The only way I know of to get blob sizes is via
  cat-file --batch-all-objects --batch-check

The rest of the data would traditionally be gathered from a log command,
e.g.

  git log --format='%H%n%P%n%cd' --date=short --topo-order --reverse \
      -M --diff-filter=RAMD --no-abbrev --raw -c

however, parsing log output seems slightly dangerous given that it is a
porcelain command.  While we have specified --format and --raw to try
to avoid the most obvious problems, I'm still slightly concerned about
--date=short, the combinations of --raw and -c, options that might
colorize the output, and also the --diff-filter (there is no current
option named --no-find-copies or --no-break-rewrites, but what if those
turn on by default in the future much as we changed the default with
detecting renames?).  Each of those is a small worry, but they add up.

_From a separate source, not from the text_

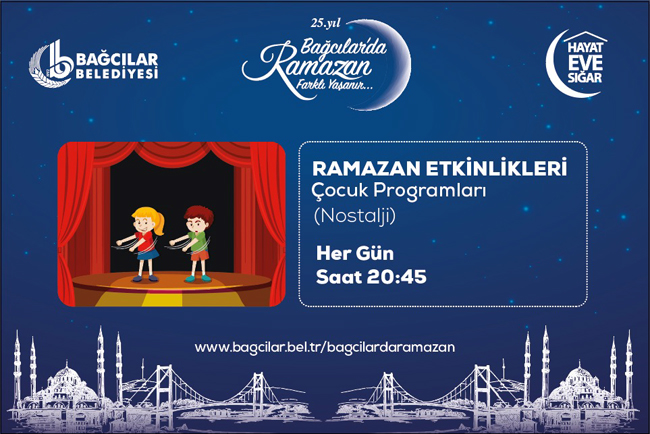 Bu kapsamda geçen sene düzenlenen Ramazan etkinliklerine ait görüntüler internet üzerinden ilçe sakinlerine ulaştırılıyor. Her akşam iftardan sonra saat 20.45’te küçükler için Ramazan Çocuk Programı; büyükler için de saat 22.30’da Ramazan Programları “Nostalji” adı altında yayınlanıyor. İsteyen herkes Bağcılar Belediyesi’ne ait www.bagcilar.bel.tr/bagcilardaramazan adresi üzerinden paylaşımlara ulaşabiliyor. Çocuklar gölge oyunları, Karagöz-Hacivat, tiyatro gösterileri ve yarışmaları izleyerek eğlenceli zaman geçiriyorlar. Büyükler ise sağlık, ilahiyat, tarih, edebiyat ve sanat gibi birçok alanda ünlü isimlerin yaptığı sohbetleri izliyor. Sanatçıların seslendirdiği Ramazan ayının manevi iklimini yansıtan Nat-ı Şerif, şiir ve ilahiler de dinlenebiliyor.

A command meant for data serialization, such as fast-export, seems like
a better candidate for this job.  There's just one missing item: in
order to connect blob sizes to filenames, I need fast-export to tell me
the blob sha1sum of any file changes.  It does this for modifies, but
not always for renames.  In particular, if a file is a 100% rename, it
only prints
    R oldname newname
instead of
    R oldname newname
    M 100644 $SHA1 newname
as occurs when there is a rename+modify.  Add an option which allows us
to force the latter output even when commits have exact renames of
files.

Signed-off-by: Elijah Newren <new...@gmail.com>
---
 Documentation/git-fast-export.txt | 11 ++++++++++
 builtin/fast-export.c             |  7 +++++-
 t/t9350-fast-export.sh            | 36 +++++++++++++++++++++++++++++++
 3 files changed, 53 insertions(+), 1 deletion(-)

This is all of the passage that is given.